Emptying out the notebook:
- Receiver Kevin Smith missed a second-straight day with a groin injury, and tight end Anthony McCoy was also out after leaving Wednesday's practice because of light-headedness. Rookie safety Ryan Murphy was also out again with an ankle injury.
- It's hardly news at this point that rookie receiver Tyler Lockett is having a good camp, but it's worth noting again anyway that he again looked very good Thursday. In particular, Lockett's ability to change direction and make defensive backs look foolish is quite impressive.

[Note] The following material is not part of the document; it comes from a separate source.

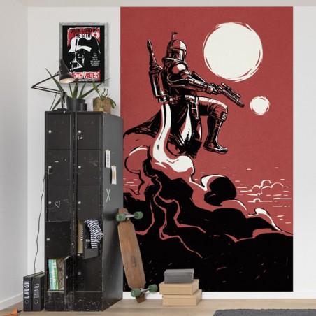 L'image montre une représentation iconique de Dark Vador, le célèbre antagoniste de la saga Star Wars. Il est conçu dans un style d'affiche rétro, avec des couleurs dominantes comme le noir, le rouge et le blanc, qui soulignent l'atmosphère sombre et menaçante. Parfait pour tous les amateurs de Star Wars !

- Deshon Foxx was Thursday's winner of the "roster hopeful at receiver who had a good practice" award. OK, that's not a not an actual award, but Foxx did stand out, making a few nice catches, none better than a diving grab in the front corner of the end zone. Foxx is part of a very deep receiver group that has impressed in camp, but unfortunately for him, he is also a quick-but-undersized receiver on a roster that already has two of them who are all but locks to make the team: Doug Baldwin and Lockett.
- Once again Kristjan Sokoli saw a lot of action at left guard with the first team offense, though Alvin Bailey saw time there too. That is suddenly looking like a real battle after Bailey got all the first-team reps in offseason workouts and early in camp. At center, meanwhile, the first-team reps continue to be split between Lemuel Jeanpierre and Drew Nowak.
- Nate Boyer, Seattle's 34-year-old rookie long-snapper, saw plenty of action and continued to look accurate with his snaps. Beating Clint Gresham for a job still seems like a tough task for the former Army Green Beret, but Boyer has looked pretty good thus far.